When submission volume grows, human reviewers can quickly become overloaded. Virtual Reviewers make it possible to add advisory assessments across all submissions without being constrained by human workload caps.

2. Better early detection of weak submissions

Low quality abstracts, irrelevant submissions, and unsupported language cases can be flagged earlier in the process. This saves time for program teams and human reviewers.

3. More contextual AI feedback

Because Virtual Reviewers are shaped by profile settings such as topic expertise, language, and reviewer role, their feedback is more relevant and less generic.

4. Stronger quality control without sacrificing human oversight

AI reviews remain separate and advisory only. Human committees keep control of official scoring and final decisions.

5. Easier comparison and triage

With separate cumulative columns for human and virtual ratings, organizers can quickly spot alignment, disagreement, and submissions that may need manual attention.


Here’s a practical example

Imagine you are running a large academic conference with several hundred abstracts spread across multiple tracks and languages.
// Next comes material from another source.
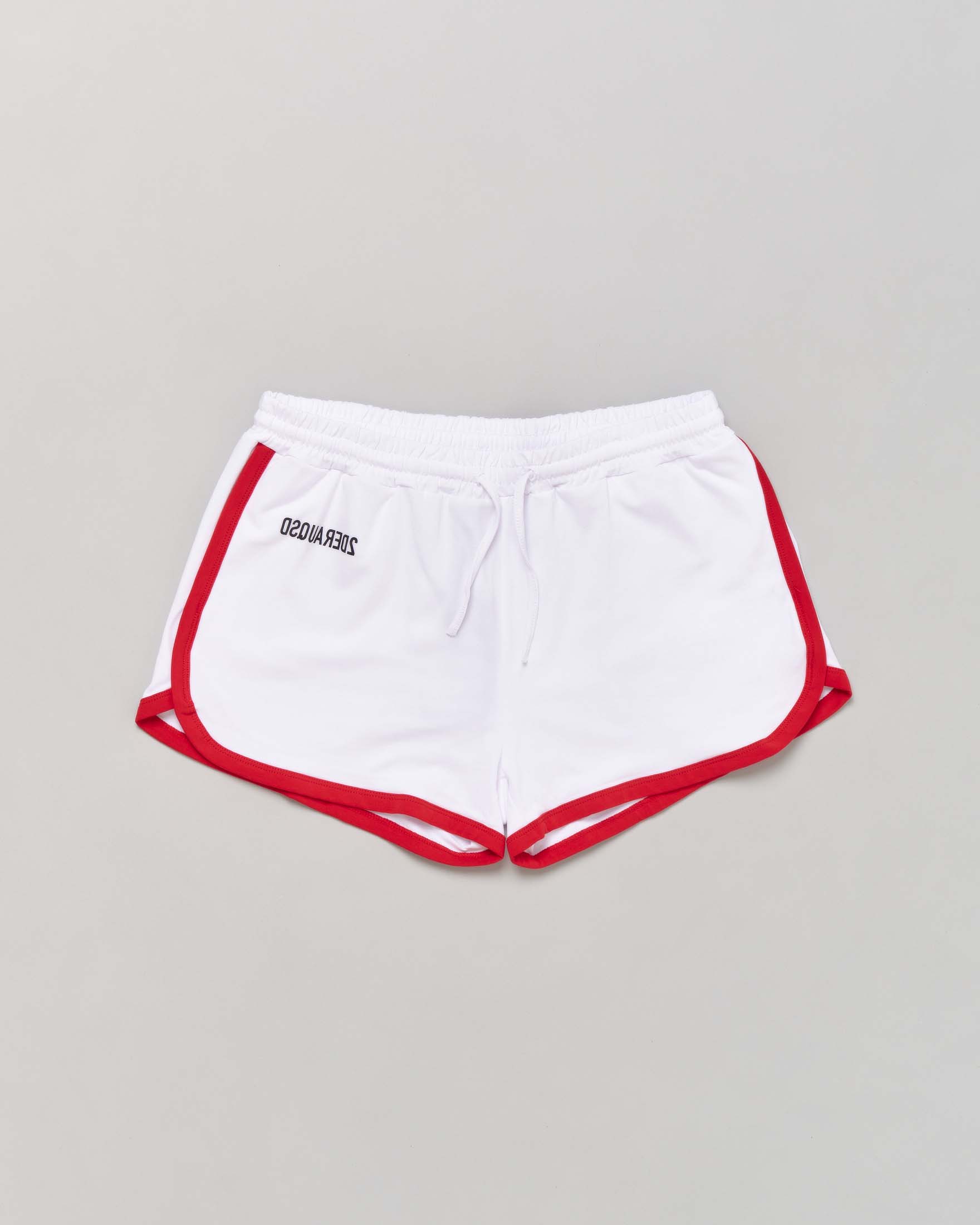 Short boxeur bianco in jersey di cotone strech con coulisse in vita e profili rossi 12-16 anni

You create three Virtual Reviewers:

  • one tuned for clinical research topics in English
  • one tuned for public health and interdisciplinary work
  • one tuned for French language submissions in life sciences

Each Virtual Reviewer is assigned submissions based on its configured profile. One reviews appropriate abstracts and submits structured advisory feedback through the normal review form. Another abstains on a submission because the content falls outside its expertise. A third flags a weak abstract with placeholder content.
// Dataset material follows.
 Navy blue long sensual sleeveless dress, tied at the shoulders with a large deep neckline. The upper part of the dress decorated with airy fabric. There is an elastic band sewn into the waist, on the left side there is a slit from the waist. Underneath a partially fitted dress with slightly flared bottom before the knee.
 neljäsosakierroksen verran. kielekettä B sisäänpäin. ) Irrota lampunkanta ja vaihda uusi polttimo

Meanwhile, your human reviewers continue their normal work, and their scores remain the only scores that affect the official abstract rating.

Now your committee has more context, faster screening, and clearer visibility, without changing the integrity of the review process.

That is the real value here.


Built for real conference workflows

AI features often sound exciting in theory but fail in practice because they do not respect how review workflows actually work.

Dryfta’s AI Reviewers are different. They are built around the needs of program managers, scientific committees, and conference administrators who need practical help, not black box automation.

You stay in control of:

  • how many Virtual Reviewers to create
  • how each one is configured
  • which expertise areas and preferences they represent
  • how their feedback is used
  • how human and virtual ratings are viewed side by side

This makes the feature flexible enough for academic conferences, association events, call for papers workflows, and other submission driven programs where structure and accountability matter.